The SDK provides a flexible interceptor system for customizing request handling:

### Authentication Interceptor
The `auth()` function creates an interceptor that adds Bearer token authentication:

```rust
use xai_sdk::common::interceptor::auth;

let interceptor = auth("your-api-key");
let client = chat::client::with_interceptor(interceptor).await?;
```

### Composing Interceptors
Combine multiple interceptors using `compose()`:

```rust
use xai_sdk::common::interceptor::{auth, compose};

let interceptors: Vec<Box<dyn xai_sdk::export::service::Interceptor + Send + Sync>> = vec![
    Box::new(auth("your-api-key")),
    Box::new(|mut req| {
        req.metadata_mut().insert("x-custom-header", "value".parse().unwrap());
        Ok(req)
    }),
];
let composed = compose(interceptors);
let client = chat::client::with_interceptor(composed).await?;
```

**Note**: All interceptors must be `Send + Sync` to ensure thread safety when used in async contexts.

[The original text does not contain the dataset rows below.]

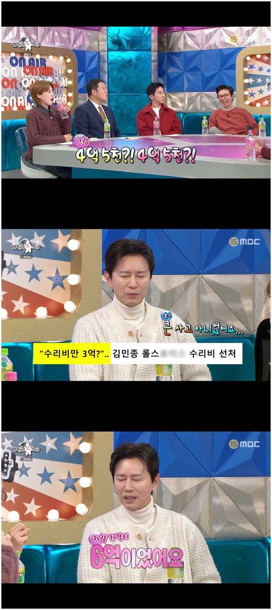 또한 얼마 전 화제가 된 김민종의 미담이 다시 또 알려졌다. 김구라는 “지난번에 롤스로이스 차량을 누가 긁었는데 스스로 사고 처리 했다는데”라면서 “수리비만 3억 원, 차량 가격이 4억 원은 되지 않냐”랴며 물었다. 김민종은 “그것보다 더 가격이 있다”라며 조심스럽게 6억 원이라고 말했다.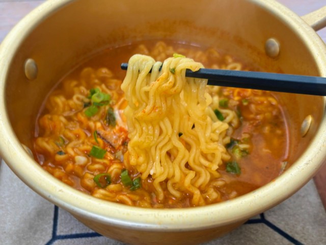 麺は韓国らしいもちもち食感で、スープとしっかりからんでいます。牛肉のような見た目のかやくが入っているのも楽しいですね。
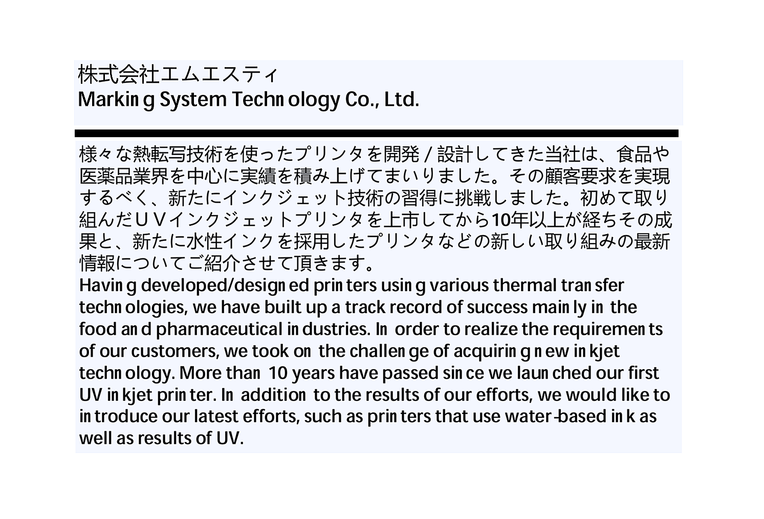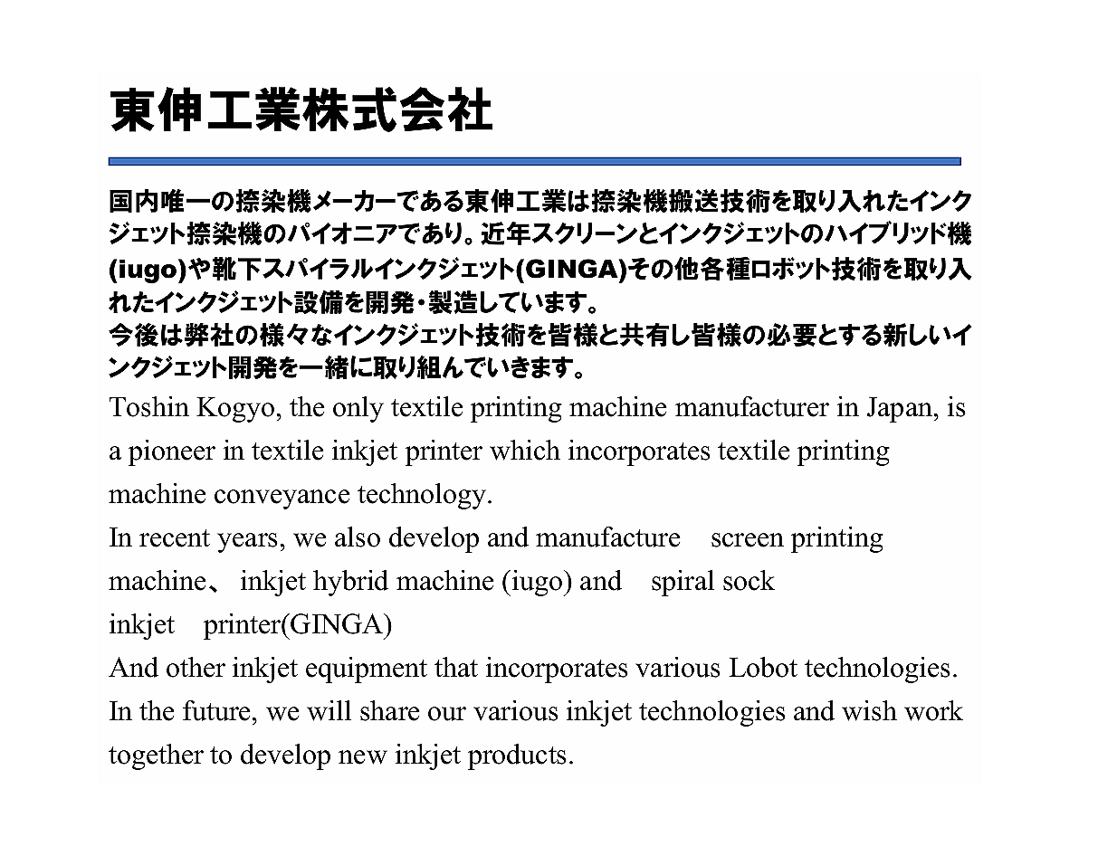 演題:「現在のインクジェット市場について」 現在のインクジェット市場の動向に関して弊社のインクジェット関連事業の紹介とあわせて紹介させていただきます。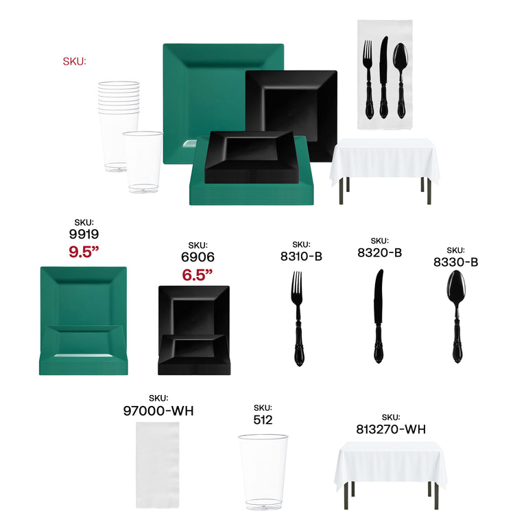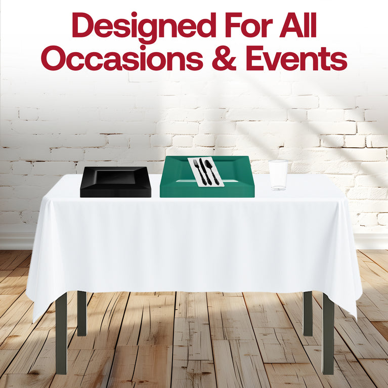 - Service for 60: 60 Dinner Plates, 60 Cake Plates, 60 Forks, 60 Spoons, 60 Knives, 8 Tablecloths, 100 Dinner Napkins and 60 Cups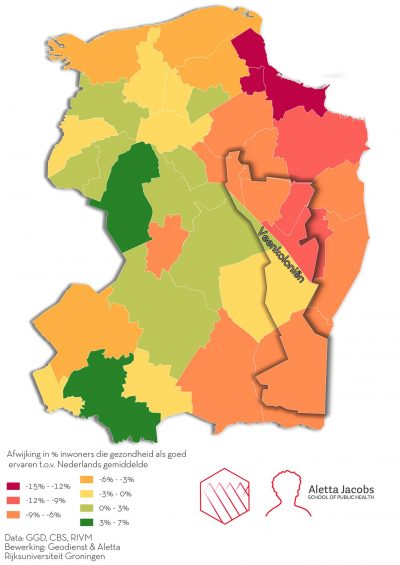 Is dit alleen een probleem van de Veenkoloniën of een probleem dat in veel andere gebieden in Nederland ook voorkomt? Zoals achterstandswijken in de grote steden, gebieden zoals Zuid-Limburg en Noordoost-Friesland en Noordoost-Groningen. Ook dat zijn regio’s waar gemiddeld meer mensen met een lagere opleiding wonen. Uit diezelfde onderzoeken van RIVM en CBS blijkt namelijk ook telkens dat een slechtere gezondheid samenhangt met een lagere opleiding. Hoger opgeleiden leven vaak wat gezonder, eten beter, sporten meer, roken en drinken minder. Lager opgeleiden hebben vaker last van armoede, stress door een slechte woning, hun werkomstandigheden zijn vaak zwaarder, of ze hebben er juist last van dat ze helemaal geen werk kunnen vinden. Wie werkloos is, raakt vaker psychisch in de knoop, grijpt eerder naar de fles.
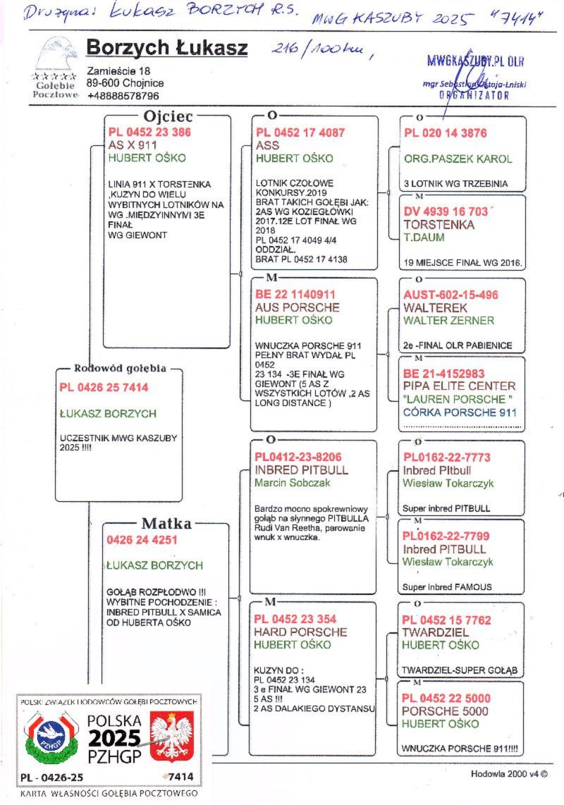 Gołąb brał udział w zawodach na Wspólnym Gołębniku KASZUBY. Więcej informacji w rodowodzie i załącznikach. Kontakt do Właściciela Gołębnika tel.601686344 (Sebastian Ostoja-Lniski). Informujemy poza tym, że rozpoczęły się zapisy na sezon 2026. Serdecznie zapraszam do rywalizacji. Uwaga! Koszty związane z transportem pokrywa nabywca gołębia. W zależności od kuriera wynoszą one około 150zł. Preferowany jest odbiór osobisty. Powyżej sylwetki gołębia znajduje się video z jego prezentacją.

### ClientInterceptor Type
All client functions return `ClientInterceptor`, a concrete type that can be:
- Stored in structs
- Used in trait implementations
- Passed between functions without type erasure issues
- Used across thread boundaries (`Send + Sync`) - safe to use in `tokio::spawn` and other async contexts

The `ClientInterceptor` can be created from any `impl Interceptor + Send + Sync + 'static`:

```rust
use xai_sdk::common::interceptor::ClientInterceptor;

let interceptor = ClientInterceptor::new(|mut req| {
    // Custom logic
    Ok(req)
});

// Can be used in spawned tasks
tokio::spawn(async move {
    let client = chat::client::with_interceptor(interceptor).await?;
    // Use client...
});
```

## Configuration

The SDK supports comprehensive configuration options:

- **Temperature**: Controls randomness (0.0 to 2.0)
- **Top-p**: Nucleus sampling parameter (0.0 to 1.0)  
- **Max tokens**: Maximum tokens to generate
- **Log probabilities**: Enable detailed token probability logging
- **Multiple completions**: Generate multiple responses per request
- **Stop sequences**: Custom stop conditions
- **Frequency/Presence penalties**: Control repetition and topic diversity

## Security

- **TLS Encryption**: Automatic HTTPS with certificate validation
- **Authentication**: Bearer token support for API key authentication
- **Secure by Default**: No manual TLS configuration required

## Error Handling

Comprehensive error handling for:
- Connection errors and timeouts
- Authentication failures
- API rate limiting
- Invalid parameters
- Network issues

## Development

This SDK is built using:

- **Protocol Buffers**: Auto-generated Rust types from xAI's `.proto` definitions
- **Tonic**: Modern gRPC framework for Rust with async/await support
- **Prost**: High-performance Protocol Buffer implementation

The code is generated from xAI's official Protocol Buffer definitions, ensuring compatibility and type safety.

## Changelog

See [CHANGELOG.md](CHANGELOG.md) for a detailed list of changes and new features.

## License

This project is licensed under the MIT License.